Social media can be a tremendous force for good during an emergency. News agencies and local governments can disseminate urgent alerts in an instant, providing valuable information to a distraught public. Unfortunately, as services like Twitter are user-driven and unfiltered, plenty of errant info can spread like wildfire too.
Someone’s pants are on fire here, as this totally untrue tweet went out during the London Riots of 2011.
Carlos Castillo, Barbara Poblete and Marcelo Mendoza claim to have developed an algorithm that can sniff out truthful news tweets and identify bogus ones. It works on the premise that there’s a common denominator among “credible” news tweets, and similarly, “non-credible” ones also share some similarities. In all, 16 characteristics were identified and plugged into the formula, which the team used to filter and sort the tweets according to credibility. Whether it was during the London Riots or Hurricane Sandy, humanity just can’t shake the penchant for anarchy. Or can it? Chilean researchers say they have developed a new tool that can help keep the misinformation at bay, at least on Twitter.

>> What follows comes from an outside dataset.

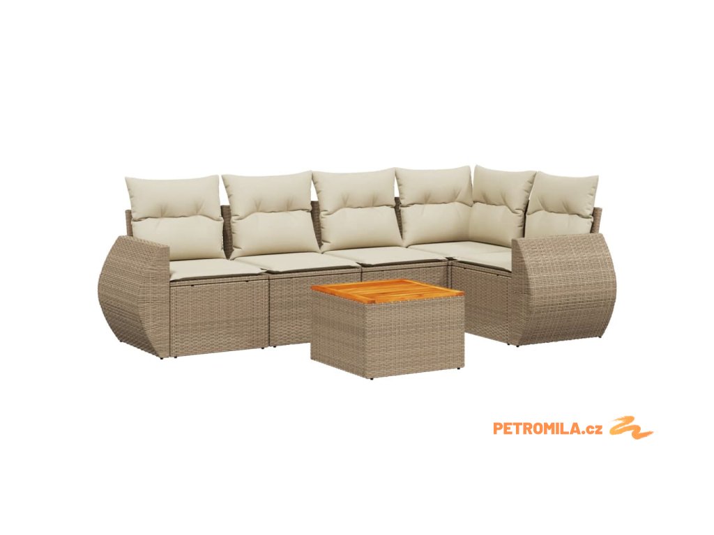 Sada zahradních pohovek s polštářem 6 pcs Béžová Poly Ratan

In the paper “The Power of Prediction with Social Media,” which is slated to be published in the journal Internet Research early next year, the authors describe impressive results from test experiments that examined several thousand messages on the microblogging platform. They applied the algorithm to tweets from a non emergency timeframe (several days in Spring 2010), and found that it managed to identify the true tweets 86 percent of the time. When they sampled tweets during and right after the 2010 Chilean earthquake, the score remained fairly steady, at 82 percent.

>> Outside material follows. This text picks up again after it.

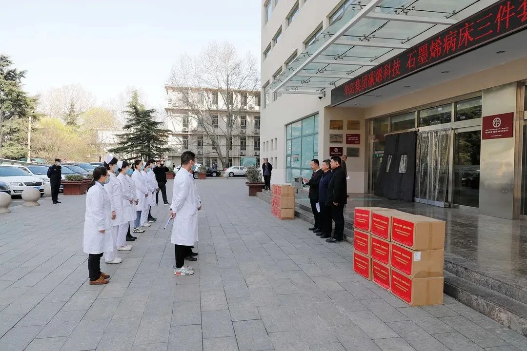 为了更好地将石墨烯纤维所具备的抗菌抑菌、抗病毒、抗螨、远红外发射、负离子发生、紫外线防护等六大功效应用到实际需求中,高烯科技与华阳新材料科技集团有限公司、山西碳烯科技有限公司合作研发出石墨烯康护纤维医用三件套(床单、被罩、枕套),交付华阳集团总医院,让石墨烯真正走进群众,守护更多人的健康。

Castillo, Poblete and Mendoza haven’t disclosed the specific 16 characteristics — likely because, if everyone knew what they were, it would be exceedingly easy to game the algorithm, no? — but they did offers some general info about the nature of true and false news tweets:
- tend to be sent by users with a lot of followers
- tend to have a negative sentiment
- are generally lengthier
- are more likely to include URLs (especially links for the 10,000 most visited domains)
Non credible tweets…
- are more likely to have question marks and exclamation points
- tend to use first- and third-person pronouns
Other areas they considered include emoticon usage, user mentions, number of retweets and how often the user previously tweeted about the topic. This lines up with findings from India’s Institute of Information Technology. (Link opens PDF.) Researchers there found that credible tweets were less likely to include swear words, and non credible ones were far more likely to have frowny emoticons than smiley faces.
Of course, there is no algorithm that’s 100 percent accurate, which means human beings will have to continue doing what they’ve always done — take any non official info with a healthy dose of salt.